Items listed in a dataset:
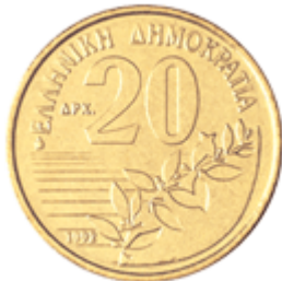
OLIVE TREE BRANCH

Metallic Composition: Copper 92% Aluminium 6% Nickel 2% Diameter: 24,50 mm Weight: 7 gr. Year of first issue: 1990
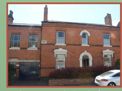
6. What reason might there be fo Baskerville House on the Avenue having such a name?
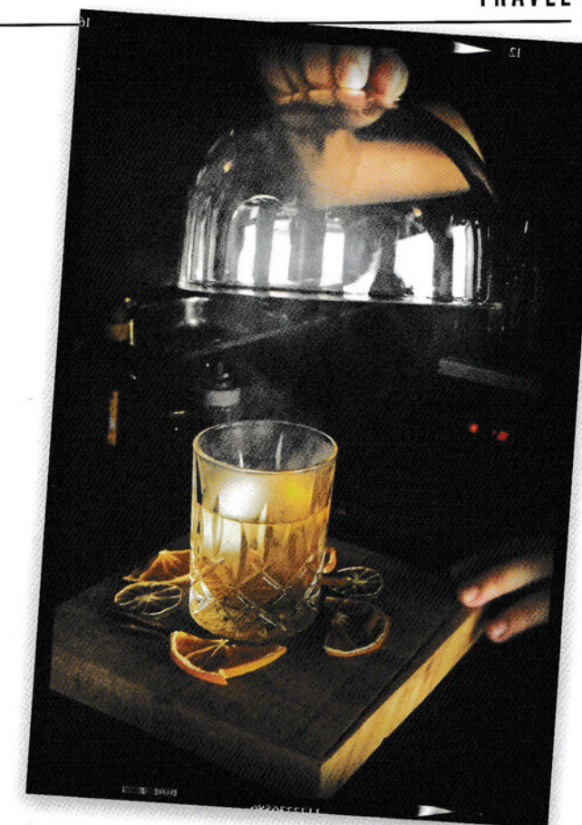
Must try: The Lossie Haze is crafted from the waters of the River Lossie in north-east Scotland. The Speysid whisky adds a smoothness to this hazy, smoked and wood-planked infused cocktail.

I could grow to like it, but the prices were a shock and the relaxed atmosphere of The Howff was just too recent for me not to miss it all.
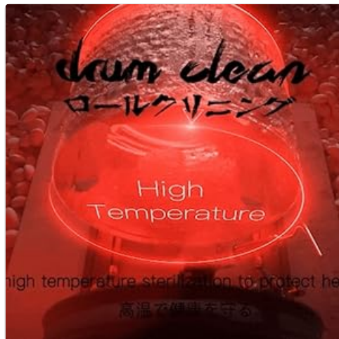
Image: Graphic depicting the high-temperature Drum Clean cycle for sterilization.

Regularly use the Drum Clean function to maintain hygiene and prevent odor buildup. This cycle uses high temperatures for sterilization.
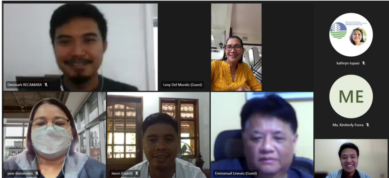
Figure 1. Photo opportunity during the special meeting
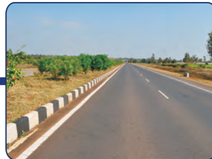
India: Consultancy Services for Detailed Project Report cum Transaction Advisory Services for Karnataka State Highway Improvement Project -III (KSHIP-III) - Group II, funded by ADB
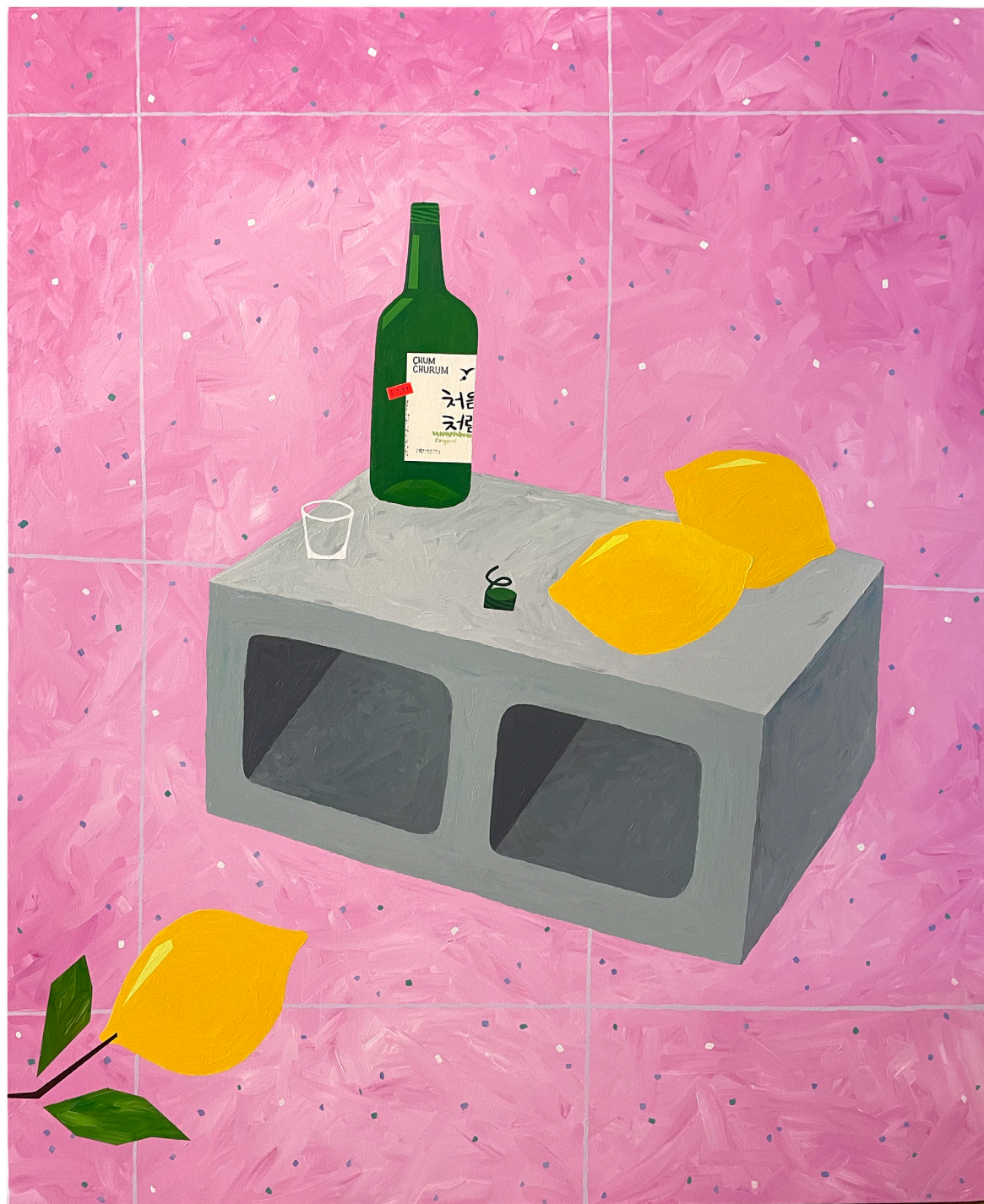
Wendy Park Lemon Soju , 2022 Acrylic on canvas 60 x 48 in 152.4 x 121.9 cm (WPK008)
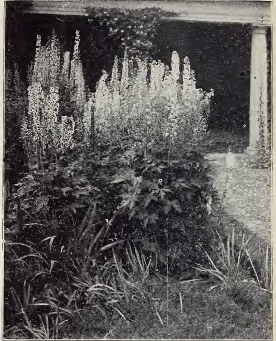
Delphinium Hybridum "Blue Bird" Strain

This pretty and interesting annual blooms most profusely from July till November; their exquisite pale lavender blossoms are excellent for cutting; plants grow about 18 inches high. Sow where plants are to bloom..... Pkt. 10c
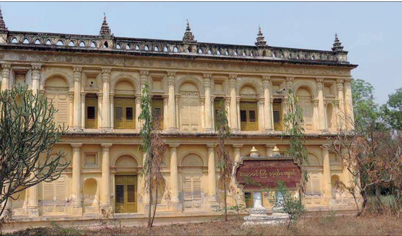
Yawmingyi Brick Monastery.
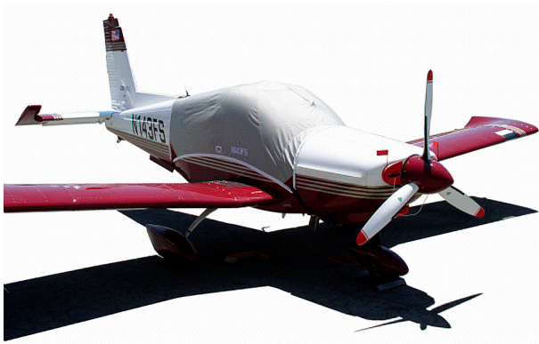
Zlin 143 Canopy Cover and Engine Plugs
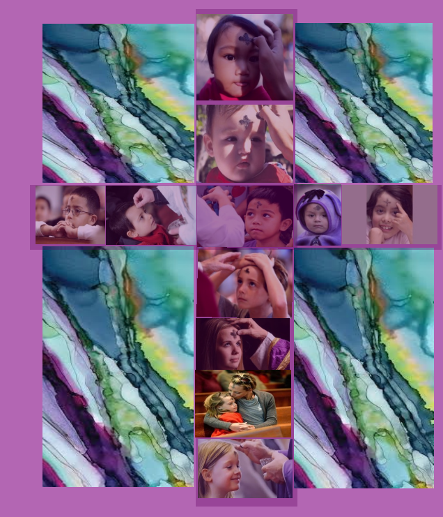
Safe Environment Newsletter February 2018

A few weeks back MSP offered a day long seminar on safety in Worship Spaces. An invitation was sent to all Business Office Administrators as well, inviting them to attend. There is now a no cost seminar that is being offered and will be held in two locations, Hastings and the Detroit area. It appears this seminar gives practical advice for churches and many safety and medical related training. This is not mandatory for your parish just an invitation if interested. A best practice is to contact your local law enforcement and invite them to your parish and spend time talking about the physical surrounding and how you can improve any areas of concern. A good start is to keep a binder of emergency numbers as well as hospital numbers on and off site and easily accessible. Please include your pastor in the initial conversation so he can partner in areas where time allows.
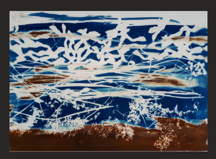
"Jock River 2" July 2020. Gyanotype/Van Dyke brown. Original monotype print 1/1 30" x 22"
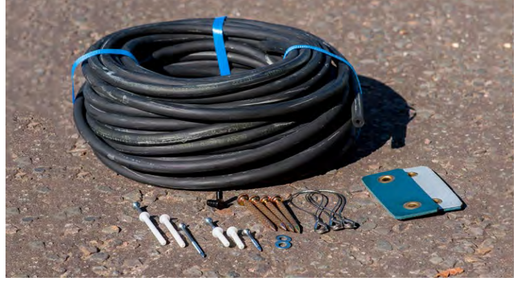
Accessories included in the RoadPod® VT field kit.
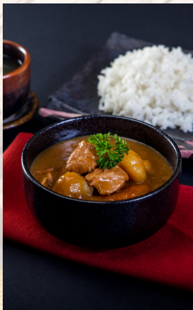
Japanese Curry Spice
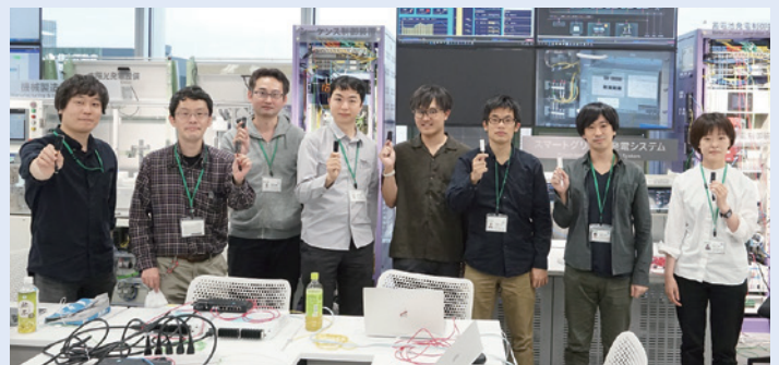
The project members

After completing the one-year program, I got a response that I had made it this far in becoming a cybersecurity expert. Now, the learning experience at the ICSCoE became a turning point in my career. I will diligently attend to my duties with the idea of making a new start as an individual engaging in security after returning to my company.

Required action -> Stop after the line containing "Must try: The": copy the records exactly from the first line up to there, leaving pictures out.

Response area ->
OLIVE TREE BRANCH

Metallic Composition: Copper 92% Aluminium 6% Nickel 2% Diameter: 24,50 mm Weight: 7 gr. Year of first issue: 1990
6. What reason might there be fo Baskerville House on the Avenue having such a name?
Must try: The Lossie Haze is crafted from the waters of the River Lossie in north-east Scotland. The Speysid whisky adds a smoothness to this hazy, smoked and wood-planked infused cocktail.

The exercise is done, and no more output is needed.